15. The electrolyte of claim 14, wherein the additive for formation of a solid electrolyte interface film on the anode is present in an amount of 0.2 to 5 wt %.

16. The electrolyte of claim 14, wherein the additive for formation of a solid electrolyte interface film on the anode is vinylene carbonate, vinylethelene carbonate, LiPF6, LiBOB, or a combination thereof.

17. The electrolyte of claim 13, comprising from 5 to 20 wt % of the co-solvent composition.

18. The electrolyte of claim 13, comprising from 10 to 20 wt % of the co-solvent composition.

19. The electrolyte of claim 13, comprising from 15 to 20 wt % of the co-solvent composition.
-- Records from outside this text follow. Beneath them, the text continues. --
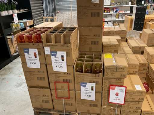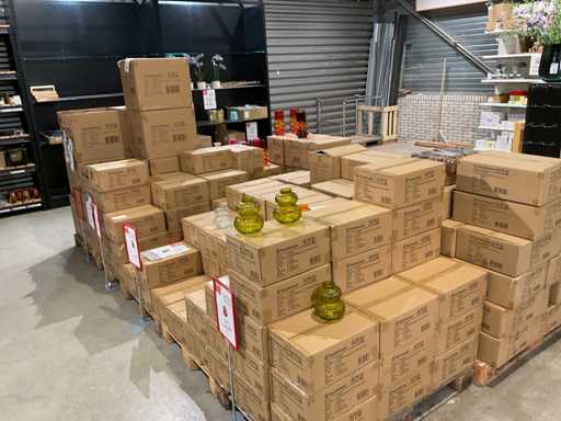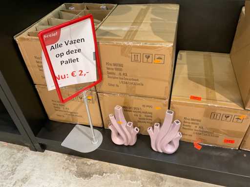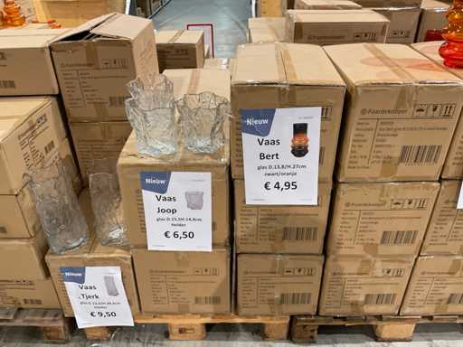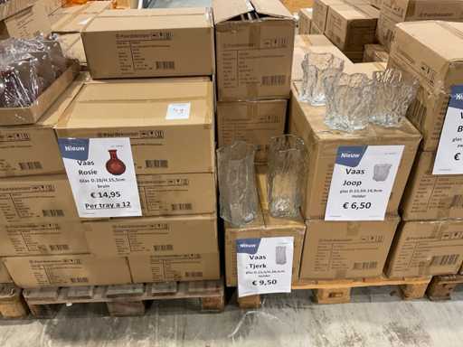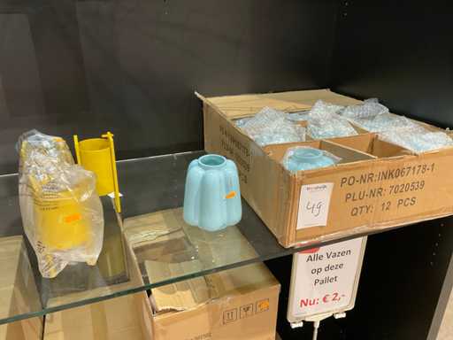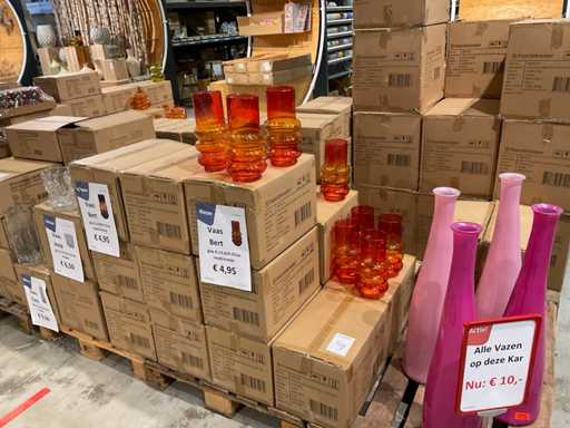 Contents on 10 pallets consisting of various colors of vases, including pallets
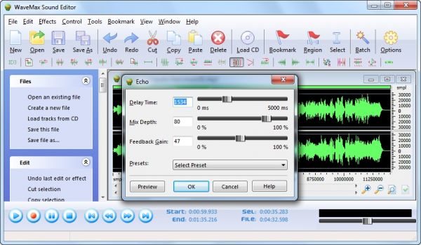 WaveMax Sound Editor - можно сказать профессиональный инструмент, который позволяет редактировать аудио файлы и используется как мастеринг. Создавайте и редактируйте необходимые аудио CD, анализируйте и записывайте новые треки.
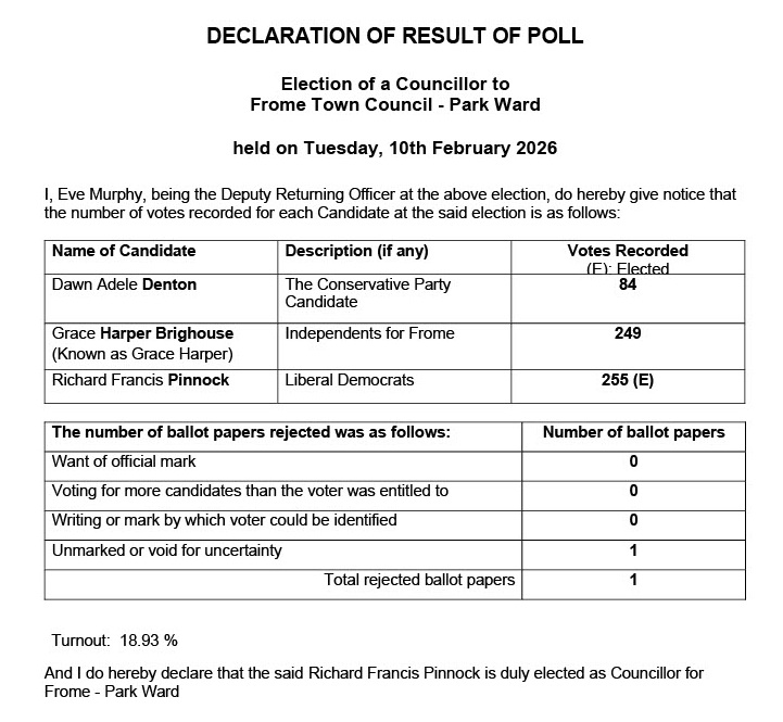 Leader and Chair of Frome Town Council Fiona Barrows said “We congratulate Richard on his election and look forward to working constructively with him for the benefit of Park Ward and Frome as a whole.”
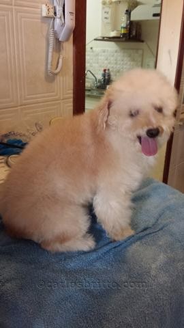 Meu cachorrinho chamado Sheike desapareceu sábado (9) pela manhã de minha casa, na Rua das Rosas, próximo a Feira da Areia Branca. Ele é da raça Poodle, pêlos brancos com caramelo. É um cachorro muito dócil o qual tenho imenso amor! Peço que divulguem essa foto dele para que alcance o maior número de pessoas possíveis.
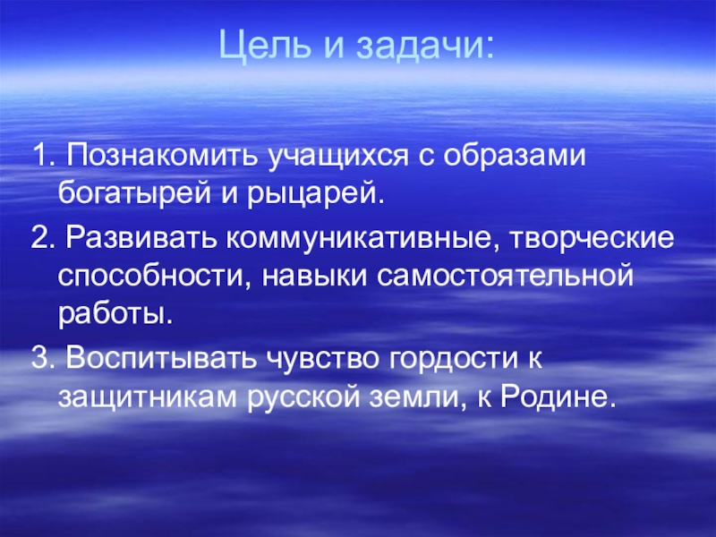 Цель и задачи: 1. Познакомить учащихся с образами богатырей и рыцарей.2. Развивать коммуникативные, творческие способности, навыки самостоятельной
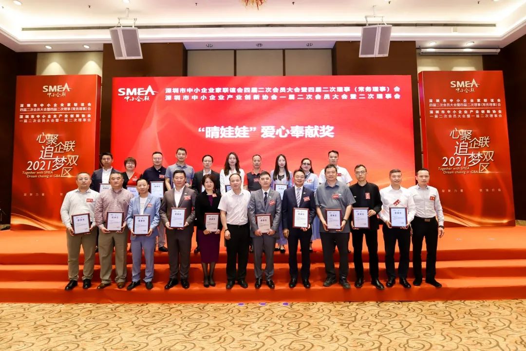 深圳市中小企業(yè)服務(wù)局副局長(zhǎng)陳小林(一排左六)為獲得感恩相伴獎(jiǎng)的企業(yè)家頒獎(jiǎng)
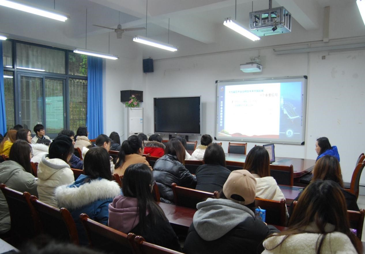 接着,余新副书记以“乘风破浪,坚毅前行——党的十九届五中全会精神鼓舞教师和员工创造美好明天”为主题进行了宣讲。她以党的十九届五中全会召开的时间、地点、出席人员为引,讲解了党的十九届五中全会上做出的重要判断、释放的9个信号及2035年的远景目标、“十四五”规划、共产党员如何发挥先锋模范作用以及习近平总书记对当代青年的希望等内容,最后期望同学们将个人命运融入到祖国的建设发展中,在不断磨砺中成长成才!

20. The electrolyte of claim 13, wherein the co-solvent composition comprises at least one additional co-solvent.

21. The electrolyte of claim 13, comprising 30 to 60 wt % succinonitrile.

22. The electrolyte of claim 13, comprising 40 to 50 wt % succinonitrile

23. The electrolyte of claim 13, wherein the lithium salt is lithium bioxalato borate.

24. The electrolyte of claim 13, wherein the lithium salt is present in an amount from 1 to 20 mol %.